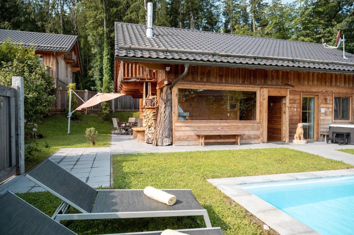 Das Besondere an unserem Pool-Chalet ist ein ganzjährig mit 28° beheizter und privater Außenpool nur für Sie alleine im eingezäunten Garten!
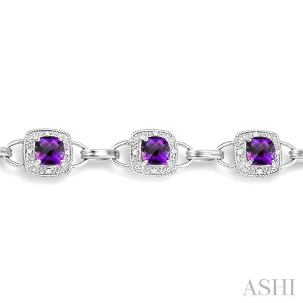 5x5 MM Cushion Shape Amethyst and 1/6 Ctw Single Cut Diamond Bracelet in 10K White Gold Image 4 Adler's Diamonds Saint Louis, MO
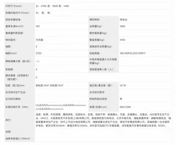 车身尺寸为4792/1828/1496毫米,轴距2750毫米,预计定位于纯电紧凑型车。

---

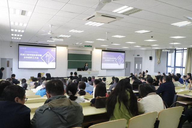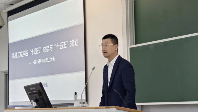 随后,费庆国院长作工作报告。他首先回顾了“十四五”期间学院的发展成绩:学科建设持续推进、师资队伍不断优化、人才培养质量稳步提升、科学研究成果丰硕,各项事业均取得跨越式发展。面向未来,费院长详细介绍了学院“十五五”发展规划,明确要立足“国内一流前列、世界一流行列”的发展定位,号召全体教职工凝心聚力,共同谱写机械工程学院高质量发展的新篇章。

---

Reproduce the data above exactly, but only from the line containing "5x5 MM Cushion" through the line containing "车身尺寸为4792/1828". Omit all pictures.

 5x5 MM Cushion Shape Amethyst and 1/6 Ctw Single Cut Diamond Bracelet in 10K White Gold Image 4 Adler's Diamonds Saint Louis, MO
 车身尺寸为4792/1828/1496毫米,轴距2750毫米,预计定位于纯电紧凑型车。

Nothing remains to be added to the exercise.